Finally, compile the assembly file to an object file:

File_spe.o: $(CFG)/File_spe.S
    $(CC) -c $(CFLAGS) $(CFLAGS_SPE) -o $@ $<

NOTE: These instructions are in PatchForSPE.cpp too.

How's the Performance?

I'm a little hesitant about publishing benchmarks, because I'm still using the old exception-based pure software FPU emulator. So, the performance boost will NOT be comparable to the fast FPU emulator that's coming. Nevertheless, here's some data:

Program	SPE Native	Old W3D_SI (fps)	Taborized W3D_SI (fps)
Cow3d (no info bar)	No	12	~144
Wings Remastered - Bombing - Strafing	Yes	55 12	240-270 95-120
VoxelBird (medium detail)	Yes	<16	~60
VoxelNoid (no shadows)	Yes	~30	~70

IMPORTANT: The comparison is between an SPE optimized W3D_SI, and the old version running via the old slow exception-based FPU emulator. Final performance with the fast FPU emulator may be different.

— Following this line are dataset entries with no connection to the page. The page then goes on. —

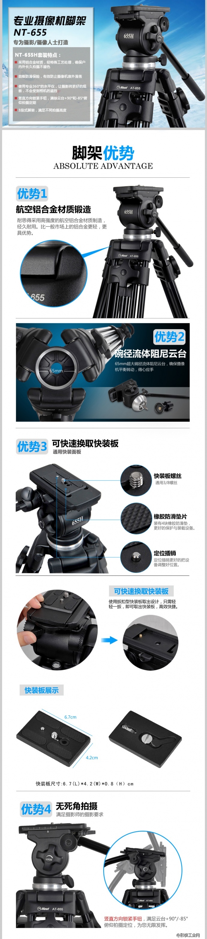 NEST耐思得NT-655摄像机三脚架
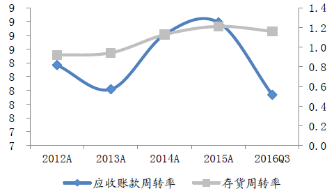 2012-2016年品牌服飾業(yè)歷年應(yīng)收賬款、存貨周轉(zhuǎn)率(次)
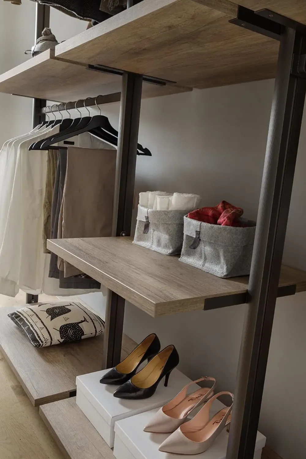 Sono disponibili anche accessori quali tubi portabiti e cassettiere per creare scaffalature per cabine armadio, ripostigli e negozi.
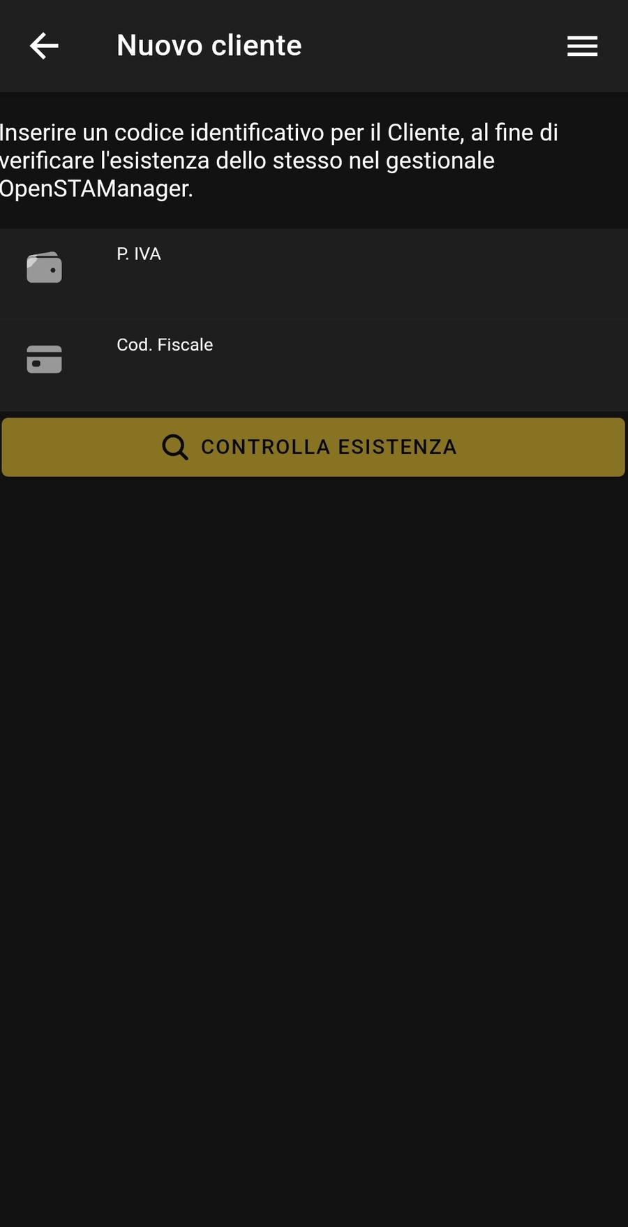 Cliccando sul tasto + è possibile inserire un nuovo cliente, verificando se la partita IVA o il codice fiscale che si stanno andando a registrare siano già presenti in anagrafica.
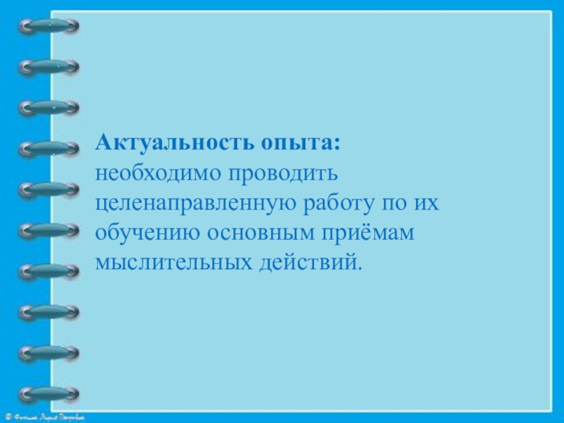необходимо проводить целенаправленную работу по их обучению основным приёмам мыслительных
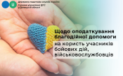 Щодо оподаткування благодійної допомоги на користь учасників бойових дій, військовослужбовців
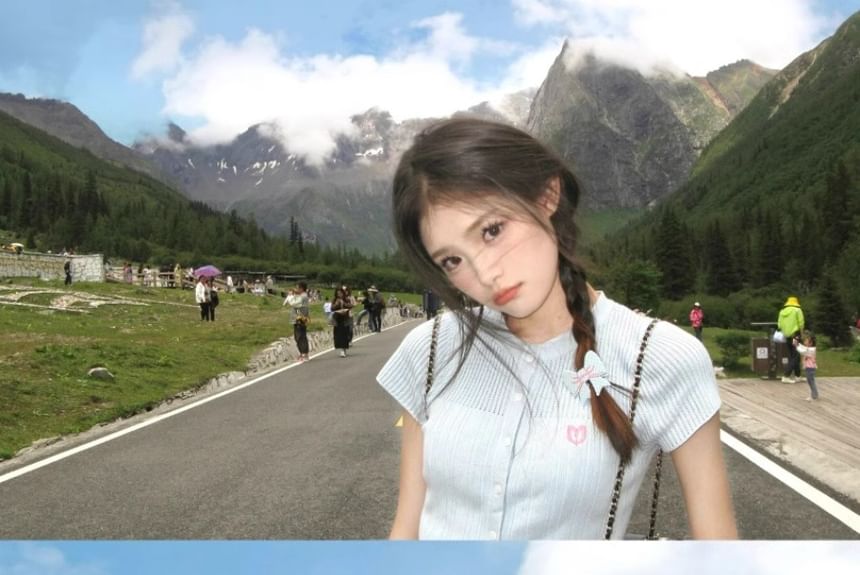 Short-Sleeve Logo Embroidered Striped Tee / High Rise Midi A-Line Skirt / Set
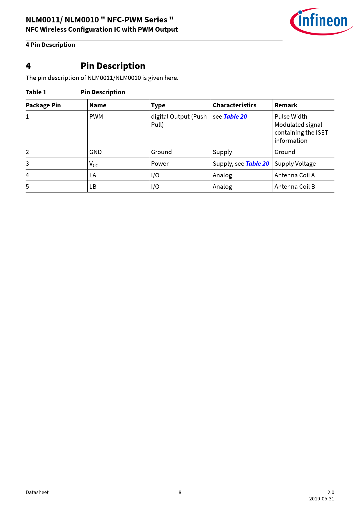 Datasheet NLM0011 / NLM0010 NFC-PWM Series (Infineon) - 8
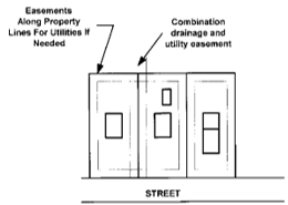 Air conditioning units installed at grade should be sited to the rear or side of the building rather than the front of the building. Mechanical systems located on a rooftop shall be screened from view from the front and side lot lines by a parapet wall or other approved architectural feature.
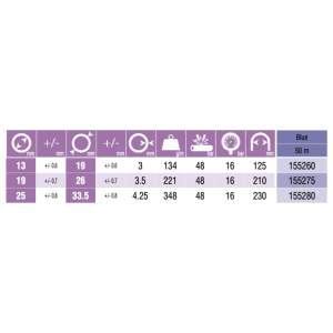 | Šifra | Debelina stene [mm] | Upogibni radij [mm] | Teža izdelka [g/m] | Notranji premer cevi [mm] | Zunanji premer cevi [mm] | Zaloga | Cena | Nakup | Natisni |
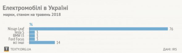 Найпопулярніша модель - Nissan Leaf - 76%.
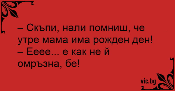 – Скъпи, нали помниш, че утре мама има рожден ден!
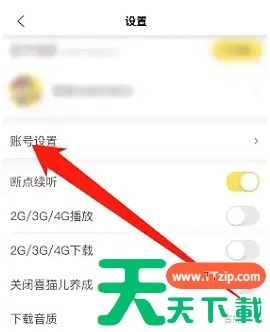 打开手机的喜马拉雅儿童版,然后我们点击右上角的设置 点击上面的账号设置选项,如图所示 之后将QQ的滑动按钮向右滑动,确认绑定QQ就行了, @天天下载TTzip 除特别注明外,本站所有文章均为 天天下载 原创,转载请注明出处来自 https://www.ttzip.com/198019.html
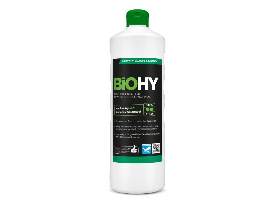 BiOHY mycí prostředek na nádobí v 1litrové lahvi je vysoce koncentrovaný tekutý čistič pro profesionální myčky nádobí s proporcionálním dávkováním. Zajišťuje zářivý lesk bez šmouh, je bez fosfátů, má nízkou pěnivost a je bez zápachu. Je ideální pro gastronomii, hotely, soukromé kuchyně a mateřské školy.
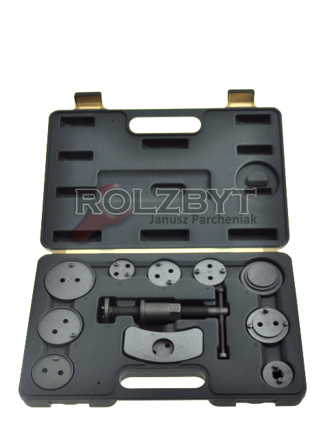 Zestaw do zacisków hamulcowych. Do naprawy tłoków hamulcowych. Zestaw uniwersalny do zastosowania z różnymi modelami samochodów. 11 krążków i pokrętło z magnetyczną końcówką. Odciąga zaciski hamulca tarczowego przy wymianie klocków hamulcowych. Profesjonalna jakość, umożliwia łatwe wycofanie tłoczka hamulcowego do zacisku. Do większości systemów hamulcowych.

Wings, VoxelBird and VoxelNoid were all compiled for the SPE in these tests, so those tests show near fully native SPE performance. Performance is similar to a Sam460ex with the same graphics card.

Summary

In brief, to optimize a library for running on the Tabor/A1222:

A version of GCC that supports the SPE (version 5.4.0 or newer should work, up to GCC v7.x)
Only compile bits for SPE that need optimizing (i.e., use the FPU a lot and are performance critical). Functions that have float/double parameters and are part of the library's API should NOT be compiled for the SPE (for compatibility with generic PowerPC code)
Use the PatchForSPE tool to force stack realignment before SPE code is executed

I hope this information is useful. If you discover anything new related to "Taborizing" code, then leave a comment below.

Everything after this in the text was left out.